Da es bereits Abend war hatte sie nicht viele Möglichkeiten weiter zu ermitteln. In das Moninger-Zeitungsarchiv käme sie erst morgen und als Alternative fiel ihr nur die Dorftratschtante Frau Pfaurer-Traschke ein. Sie redete viel, erfand viel und war verdammt einsam. Besser als nichts vermutlich.
Um fünf Uhr morgens verließ Asteria das Haus der Dame. Mit einem Entschuldigungs-Kaffee in der Hand schlenderte sie in die Morgenruf-Straße hinauf. Zu ihrem Pech lebte die erste Familie auf ihrer Liste nicht mehr hier. Die zweite allerdings konnte sie ausfindig machen aber stellte bald schon fest, dass die in Frage kommende Person auf einem Jugendfotos naturblond war.
„Sie, blöde Frage.

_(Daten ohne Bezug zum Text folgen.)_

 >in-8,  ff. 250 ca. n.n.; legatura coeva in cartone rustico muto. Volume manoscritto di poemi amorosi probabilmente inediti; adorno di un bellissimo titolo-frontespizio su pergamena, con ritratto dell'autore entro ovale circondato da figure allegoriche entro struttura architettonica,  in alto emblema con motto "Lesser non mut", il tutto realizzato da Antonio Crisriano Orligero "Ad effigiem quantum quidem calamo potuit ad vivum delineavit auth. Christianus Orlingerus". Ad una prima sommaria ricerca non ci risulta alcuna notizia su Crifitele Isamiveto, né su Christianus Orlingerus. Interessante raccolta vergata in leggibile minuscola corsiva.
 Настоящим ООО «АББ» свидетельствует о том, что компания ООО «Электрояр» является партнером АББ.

Gabs hier eine Kindesentführung?“ Asteria hatte zwar die Hose ihrer Uniform noch an, war aber nicht als Polizistin erkannt worden. „Eine Frau hat mir erzählt das hier vor fünfzig oder sechzig Jahren Kinder verschwunden sind.“ Ihr Gegenüber lachte schrill auf. „Das kann nur die Pfaurer gewesen sein. Lassen sie sich nicht verrückt machen. Will sie ihr Enkel besuchen?“ Asteria fühlte sich sofort alt aber obwohl sie selbst keine Kinder hatte bejahte sie die Frage auffallend verunsichert.
„Die Gegend hier ist verschlafen. Unser Hauptproblem sind Graffiti.“ Mit einem Mal wurde sie etwas reservierter. Sie vergrößerte den Abstand zwischen ihnen und ließ sich dann nach einem Gedankenmoment auf einen olivgrünen Sessel fallen.

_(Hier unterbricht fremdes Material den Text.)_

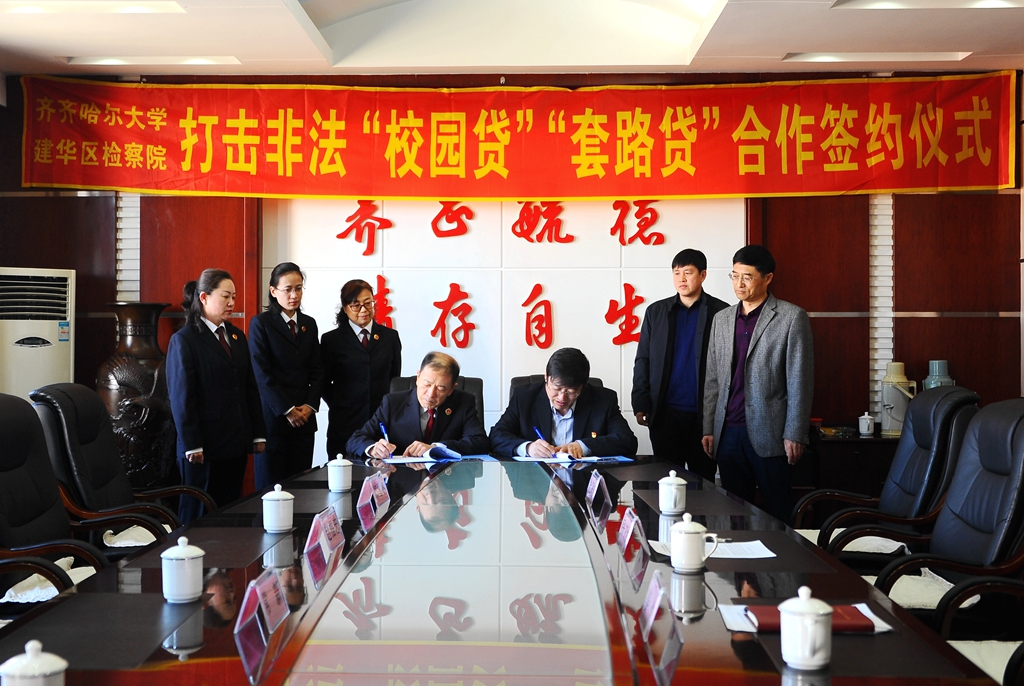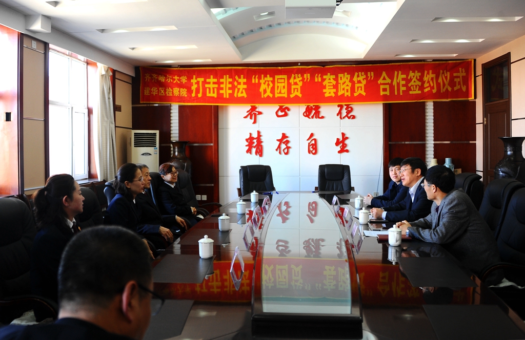 為保護在校學(xué)生依法使用助學(xué)貸款,嚴厲打擊非法“校園貸”“套路貸”等違規(guī)行為,保障學(xué)生合法權(quán)益不受損害,4月25日上午,我校與建華區(qū)人民檢察院合作簽約儀式在辦公樓504會議室舉行,建華區(qū)人民檢察院黨組書記、檢察長趙福忠,齊齊哈爾市人民檢察院民事檢察部部長常新,建華區(qū)人民檢察院副檢察長鄭雪冬,我校黨委副書記張文治、學(xué)生工作部(學(xué)生處)部(處)長姜波、武裝部(保衛(wèi)處)部(處)長杜海權(quán)等出席簽約儀式并進行了座談。張文治主持簽約儀式。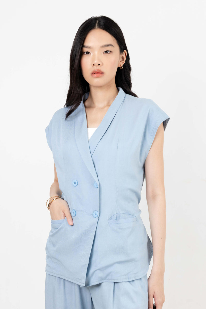 V-neck, sleeveless, single button, and loose fit. Available in three colors: Light Blue, Grey & Medium Blue. Model wears size S; height 175 cm.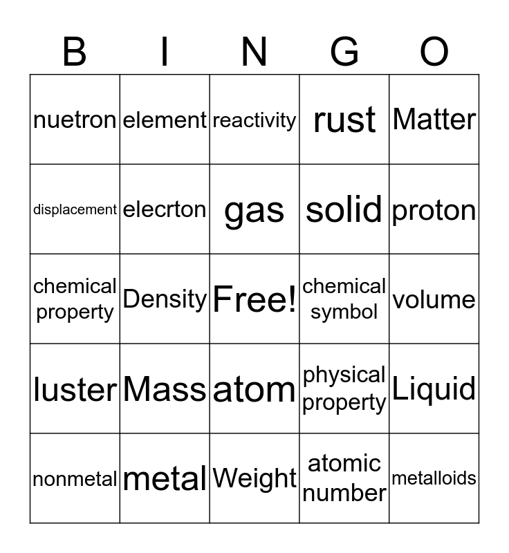 This bingo card has a free space and 24 words: Mass, metal, gas, nonmetal, Matter, nuetron, displacement, element, chemical symbol, atom, solid, chemical property, physical property, Liquid, elecrton, atomic number, volume, reactivity, proton, Density, metalloids, luster, rust and Weight.

„Ich will ehrlich zu ihnen sein“, erzählte sie allerdings mit unveränderter Stimme weiter. „Es gab hier vor sechzig Jahren mal EINE Kindesentführung.“ Zusätzlich unterstrich sie ihre Aussage in dem sie auch mit den Fingern eine Eins zeigte. „Das Mädchen kam aber wieder zurück.“ „Ach ja?“, spielte sie überrascht.“ „Ja. Ein Brief lag dabei.“ „Was wie?“ „Ja, nicht nur. Die Person hat sich entschuldigt und als Entschädigung acht Monate lang zweitausend Euro in den Briefkasten gelegt. Wohl immer wieder mit einer Entschuldigung.“ „Und das hat die Familie hingenommen?“ „Nun mir ist nicht bekannt, dass diese Steins weiter sauer gewesen wären.“
Zur Bestätigung dieser Aussage wühlte sich Asteria durch alte Anzeigen. Wie ein Wunder fand sie, das was sie suchte. Die Eltern hatten die Anzeige zurückgenommen und behauptet, dass die Großeltern vergessen hatten Bescheid zu geben. Scheinbar waren sie wohl nur zu Besuch gewesen und mit dem Mädchen spazieren gegangen.